Старый священник за всю свою жизнь видел и слышал слишком многое, чтобы удивляться тому, что достаточно поживший мужчина так давно не был на исповеди. Впрочем, и большой радости от того, что еще одна заблудшая душа решила обратиться к богу, старик не испытывал. За годы служения в этом разоренном многочисленными войнами краю бог как-то отдалился от обихода, стерся, подобно старой монете, и почти ничем хорошим себя не проявлял. Большее значение в жизни старика имели более простые, чем всевышний, вещи – пища, вода, теплая одежда, очаг. Иногда старик ловил себя на мысли, а не впал ли он в язычество, когда зимним вечером протягивал озябшие руки к пылающему огню, потому что не обнаруживал внутри себя никакой благодарности всемогущему, а только желание бесконечно смотреть на пляшущие по углям огненные язычки.
– Смелее, сын мой, – сказал старик. – В каких грехах ты хочешь покаяться?
Человек долго молчал и не шевелился.
– Ну же, сын мой, – ободрил его старик. – Всевышний милостив, он прощает даже самые страшные грехи.
– Я не знаю, с чего начать, – сказал человек.
– Так начни с самого начала.
Человек снова замолчал, очевидно, собираясь с духом.
– Можем помолиться вместе, – сказал старик. – Искренняя молитва, идущая от сердца, дарует силы в самом непростом деле.
– Не нужно, святой отец, – прошептал человек снаружи, – я просто подбирал слова.
– Продолжай, сын мой.
– Я должен вернуться мысленно на семнадцать лет назад. Я тогда только начал служить в отряде у капитана Магнуса и в первом же бою с имперцами был ранен. Рана была неопасная, но выздоровление заняло почти месяц.
– Отрадно слышать, что ты бился за правую веру против презренных раскольников, – сказал старик.
– Я всегда бился за деньги. Через два года, после того, как отряд Магнуса разбили, я уже дрался за императора. Главное, чтобы платили хорошо.
Человек замолчал, молчал и священник. Очень далеко часы на городской ратуше пробили три часа.

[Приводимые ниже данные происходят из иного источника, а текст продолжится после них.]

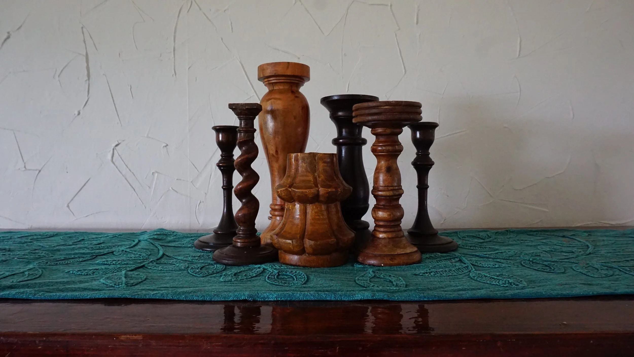 Wood Collection Add some warmth to your table with wood pieces. Wavy Flower Salad Bowls Oak Bowls Wood Cake Stand Curved Walnut Serving Bowl Small Wood Tray Silver Handled Wooden Tray Wood Leaf Serving Trays Wood Pineapple Serving Trays Individual Charcuterie Boards Wood Candlesticks Oval Wooden Bowls Wooden Punch Bowl Set

– Но речь не об этом, – продолжал исповедуемый. – Мы стояли в небольшом городке, князь которого платил нам за то, чтобы мы защищали его владения от разбойничьих банд, а по сути – от таких же отрядов, как наш. Была поздняя осень, но снег еще не лег. После ранения я целыми днями бездельничал, пил пиво и играл в кости. Рука моя, из которой наш цирюльник достал арбалетный болт, заживала плохо. Ходили слухи, что имперцы смазывают стрелы ядом, чтобы любая рана становилась смертельной. Как-то мы остановились на постой в одной опустевшей деревушке и напились из колодца, напоили и лошадей. Очень скоро у всех начались рези в животе и страшный понос. Цирюльник заставил нас тогда есть уголь из кострища, а воду кипятить в котле. Никто не умер, но все решили, что деревенские перед уходом намеренно отравили воду.

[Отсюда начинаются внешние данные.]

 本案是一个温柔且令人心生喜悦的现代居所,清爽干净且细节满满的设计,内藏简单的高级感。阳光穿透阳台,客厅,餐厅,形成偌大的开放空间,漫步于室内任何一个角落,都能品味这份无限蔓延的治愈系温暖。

Так вот, рана заживала плохо, несмотря на все усилия цирюльника. Он говорил, что другому, менее крепкому, чем я, руку пришлось бы отнять. Он давал мне какие-то мази и менял повязки, которые всегда кипятил. Хорошо, что это была левая рука, и я по-прежнему мог сражаться. В благодарность за заботу я хотел отдать цирюльнику малую пистоль, которую забрал у одного убитого лейтенанта швейцарских пехотинцев. Эта пистоль свободно помещалась в ладони, тогда как обычные были длиной не меньше локтя. Правда, и стреляла эта малютка пулями не больше сушеной вишни, летевшими шагов на десять, но не раз впоследствии она спасала мне шкуру. Я носил ее в правом сапоге, где пришил специальный карман. О, это было настоящее наслаждение, когда я стоял, разрядив свою аркебузу, а ко мне бросался какой-нибудь саксонец или швед, размахивая палашом и готовясь снести мне башку одним ударом. Он ничего не успевал понять, потому что маленькая пуля вышибала ему мозги, и последнее, что он видел – это меня и мою руку, окутанную дымом, как у колдуна, потому что пистоль была почти неразличима в пылу боя.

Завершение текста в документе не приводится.